Another factor that could change the measured potential is Temperature. If temperature is increased, then the cell potential is more likely to be increased as well. When temperature is decreased, the cell potential will most likely decrease as well.
Q20.5.30
Hydrogen gas reduces Ni2+ according to the following reaction: Ni2+(aq) + H2(g) → Ni(s) + 2H+(aq); E°cell = −0.25 V; ΔH = 54 kJ/mol.

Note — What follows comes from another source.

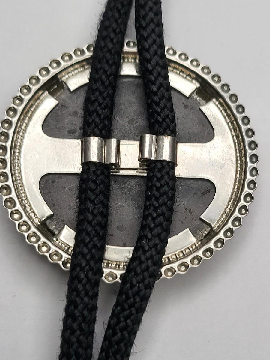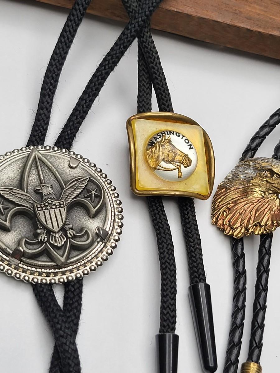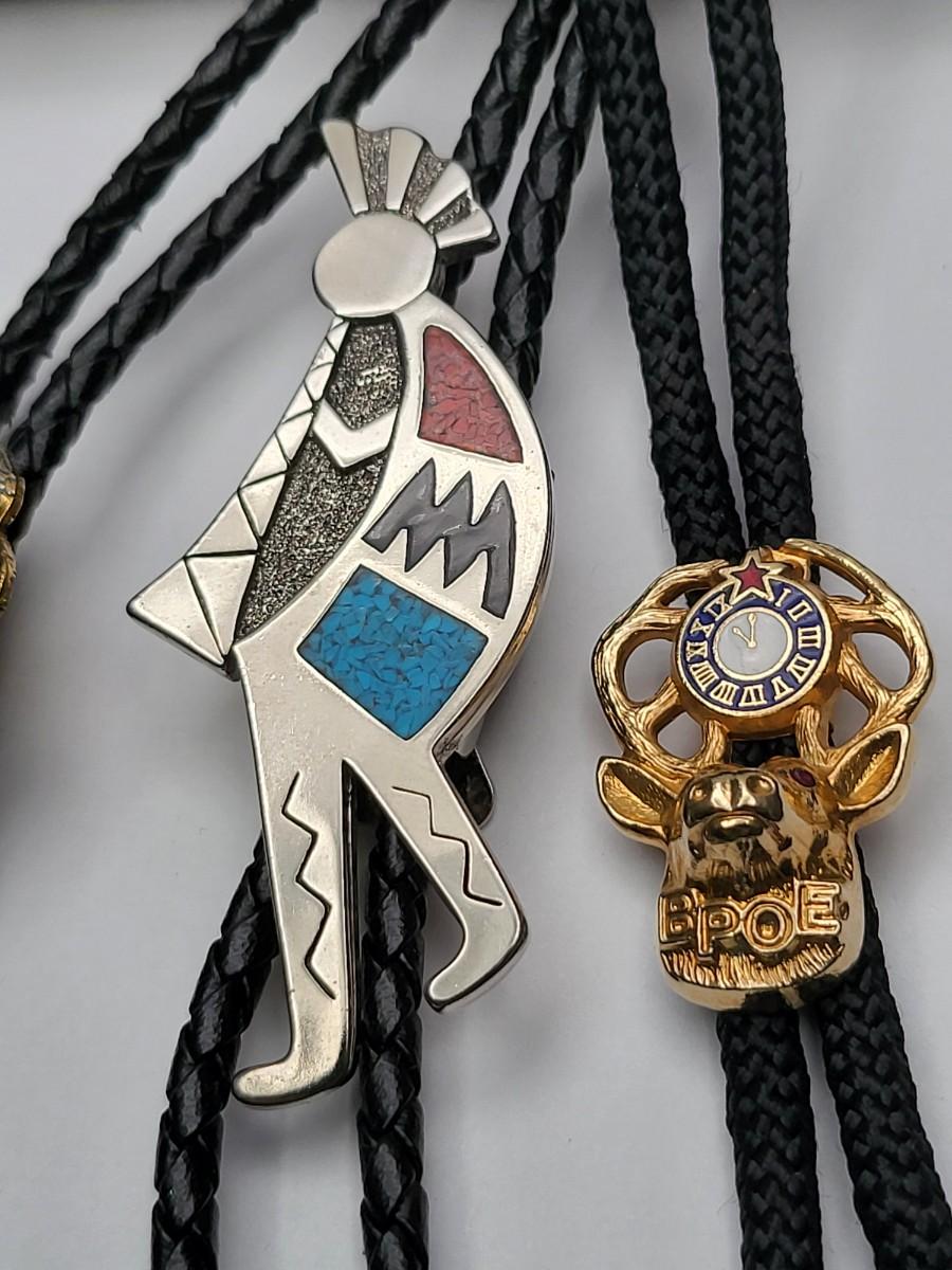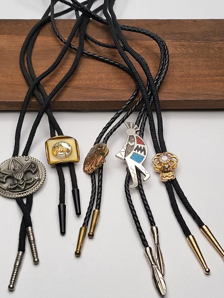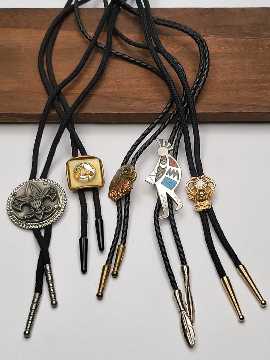 Lot of five, braided leather and silk cord, various vintage bolo ties.

- What is K for this redox reaction?
- Is this reaction likely to occur?
- What conditions can be changed to increase the likelihood that the reaction will occur as written?
- Is the reaction more likely to occur at higher or lower pH?
Q20.5.30 Answers
1. What is K for this redox reaction?
The procedure: We want to find K and to do this we have to use the equation ΔGº=-RT(lnK). First we need to find ΔGº by using the equation ΔGº=-nFEºcell.

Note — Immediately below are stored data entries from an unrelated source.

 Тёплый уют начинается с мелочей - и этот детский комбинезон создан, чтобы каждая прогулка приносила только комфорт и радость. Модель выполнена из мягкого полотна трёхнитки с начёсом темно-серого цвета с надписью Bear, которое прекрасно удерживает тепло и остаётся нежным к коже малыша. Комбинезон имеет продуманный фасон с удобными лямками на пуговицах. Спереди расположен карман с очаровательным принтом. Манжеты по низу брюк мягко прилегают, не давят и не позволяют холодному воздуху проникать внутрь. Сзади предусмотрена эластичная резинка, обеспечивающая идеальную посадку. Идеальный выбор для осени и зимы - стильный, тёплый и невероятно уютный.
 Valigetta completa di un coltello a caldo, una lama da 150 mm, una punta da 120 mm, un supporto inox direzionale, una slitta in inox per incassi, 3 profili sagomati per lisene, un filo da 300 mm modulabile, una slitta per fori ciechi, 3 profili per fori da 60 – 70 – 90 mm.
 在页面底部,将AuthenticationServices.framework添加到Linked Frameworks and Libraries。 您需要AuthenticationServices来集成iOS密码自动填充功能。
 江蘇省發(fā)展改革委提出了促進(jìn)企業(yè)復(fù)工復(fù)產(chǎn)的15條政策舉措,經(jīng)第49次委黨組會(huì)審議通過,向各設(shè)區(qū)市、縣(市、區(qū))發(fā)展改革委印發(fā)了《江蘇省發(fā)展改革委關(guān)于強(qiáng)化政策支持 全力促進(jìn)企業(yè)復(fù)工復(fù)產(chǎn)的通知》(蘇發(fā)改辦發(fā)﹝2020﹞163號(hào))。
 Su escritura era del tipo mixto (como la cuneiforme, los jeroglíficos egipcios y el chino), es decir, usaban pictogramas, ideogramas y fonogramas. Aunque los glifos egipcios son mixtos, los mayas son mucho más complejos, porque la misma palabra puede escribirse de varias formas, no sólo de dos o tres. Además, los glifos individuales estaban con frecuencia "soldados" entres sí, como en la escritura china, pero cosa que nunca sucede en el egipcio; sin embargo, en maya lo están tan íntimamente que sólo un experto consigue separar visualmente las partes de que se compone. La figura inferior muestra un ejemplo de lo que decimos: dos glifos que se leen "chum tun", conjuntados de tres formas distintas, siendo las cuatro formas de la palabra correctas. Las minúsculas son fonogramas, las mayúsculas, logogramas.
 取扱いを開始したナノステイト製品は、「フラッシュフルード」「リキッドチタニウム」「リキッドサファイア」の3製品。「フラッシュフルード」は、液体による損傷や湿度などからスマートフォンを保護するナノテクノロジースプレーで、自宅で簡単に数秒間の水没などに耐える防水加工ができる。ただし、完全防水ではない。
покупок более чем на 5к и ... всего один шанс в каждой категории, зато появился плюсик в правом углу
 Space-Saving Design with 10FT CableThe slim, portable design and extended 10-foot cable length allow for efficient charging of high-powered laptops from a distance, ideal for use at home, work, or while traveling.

To find ΔGº: We first need to find n (the number of electrons). We can do this by separating the redox reactions and balancing electrons.

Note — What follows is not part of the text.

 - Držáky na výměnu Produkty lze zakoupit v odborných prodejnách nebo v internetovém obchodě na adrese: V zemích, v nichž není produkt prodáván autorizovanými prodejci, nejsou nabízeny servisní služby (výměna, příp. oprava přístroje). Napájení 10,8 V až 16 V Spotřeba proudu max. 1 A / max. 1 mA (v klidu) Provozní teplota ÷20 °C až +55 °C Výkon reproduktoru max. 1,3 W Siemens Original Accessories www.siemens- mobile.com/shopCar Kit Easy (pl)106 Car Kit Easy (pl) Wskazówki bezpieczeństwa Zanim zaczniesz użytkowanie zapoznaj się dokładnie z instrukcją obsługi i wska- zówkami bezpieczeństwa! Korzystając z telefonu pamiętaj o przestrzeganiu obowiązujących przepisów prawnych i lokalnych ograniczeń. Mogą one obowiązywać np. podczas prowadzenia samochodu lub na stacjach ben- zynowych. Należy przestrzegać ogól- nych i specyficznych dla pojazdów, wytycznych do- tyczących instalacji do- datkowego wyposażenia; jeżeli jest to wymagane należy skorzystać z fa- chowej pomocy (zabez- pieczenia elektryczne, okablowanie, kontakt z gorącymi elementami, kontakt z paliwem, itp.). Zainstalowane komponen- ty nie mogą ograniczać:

2e-+ Ni2+(aq) → Ni(s) H2(g) → 2H+(aq) + 2e-
Due to the redox reaction, the number of electrons (n) is 2, for F, we use the Faraday Constant 96485 C/V, and Eºcell is given in the question, -0.25 V.
Plugging everything into the equation
\(-(2mole^-)(96485C/V)(-0.25V)= ΔGº\)
ΔGº= 48242.5 J/mol
Using ΔGº in the next equation, the Faraday Constant 96485 C/V and room temperature 298ºK (assuming system is at room temperature):
\(48242.5 J/mol=-(8.314 J/mol\times K)(298 K)(ln{K})\)
\(-19.47)=ln{K}\)
e^{-19.47}=k
K= 3.5*10-9
2. Is this reaction likely to occur?
If ΔGº is positive, the system is nonspontaneous or is not favorable to conditions while if ΔGº is a negative number, then the reaction is spontaneous and the system is favorable.
It is not likely to occur because the ΔGº for the system is a positive number. If Gibbs Free Energy is positive, it is nonspontaneous.
3. What conditions can be changed to increase the likelihood that the reaction will occur as written?
We know that the reaction is an endothermic reaction because ΔH (enthalpy) is positive (54 kJ/mol) and according to this table
.jpg?revision=1&size=bestfit&width=388&height=196)
if temperature increases, the products would be favored and there is a possibility that ΔGº will become negative becoming spontaneous in the process.
4. Is the reaction more likely to occur at higher or lower pH?
The higher the pH, the more OH- ions there are on the products side of the reaction and that makes the system basic. The lower the pH the more H+ ions there are on the product side of the reaction and that makes the system acidic.
The reaction would be more likely to happen at a lower pH due because there are H+ ions on the products side of the reaction. The more H+ ions there are, the more acidic the solution is, therefore resulting in a low pH to occur.